The Danbury Mint is a division of MBI, Inc. that markets a variety of collectibles. Danbury Mint historically marketed high quality medals and ingots produced by others exclusively for them. The company also sold numerous other collectible offering including plates, bells, sculptures, etc. Danbury Mint is well known for its 1:24 scale die-cast vehicles, including a now discontinued James Bond's DB5.

Their licenses include: Boyds, Coca-Cola, John Deere, Dept 56, Dr. Seuss, General Motors, Goebel, King Features, Looney Tunes, Major League Baseball, Mars, Inc., NFL, Gary Patterson, Peanuts, Pillsbury, Elvis Presley, Red Hat Society, The Walt Disney Company and Twentieth Century Fox Film Corporation. Products include commemorative coins, jewelry, sports collectibles, and Christmas ornaments.

History
The Danbury Mint was founded in Westport, Connecticut, by Ralph Glendinning and Ted Stanley in 1969, as a subsidiary of Glendinning Companies.
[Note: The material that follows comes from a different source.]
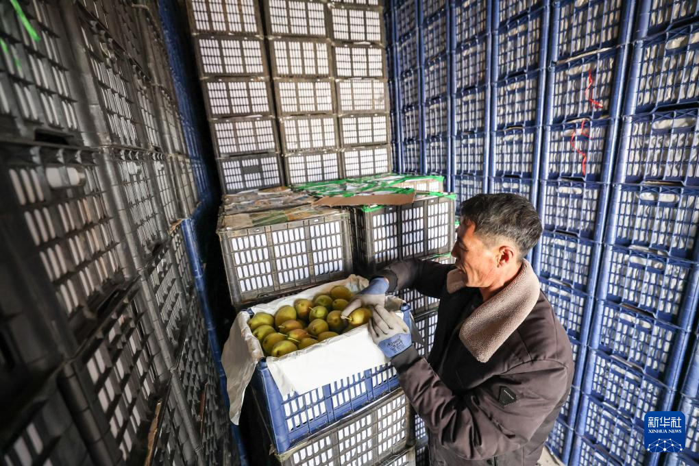 1月20日,村民在祝家沟村新建的恒温库内搬运水果。

Their first product was a series of medals commemorating the Apollo 11 moon landing.

The Danbury Mint has since created many commemorative items—figurines, collector plates, dolls, die-cast cars, etc.—based on historical events and people. Examples include, Shirley Temple, Princess Diana, Barack Obama's inauguration, Corvettes, Hummel figurines, and gold Christmas ornaments.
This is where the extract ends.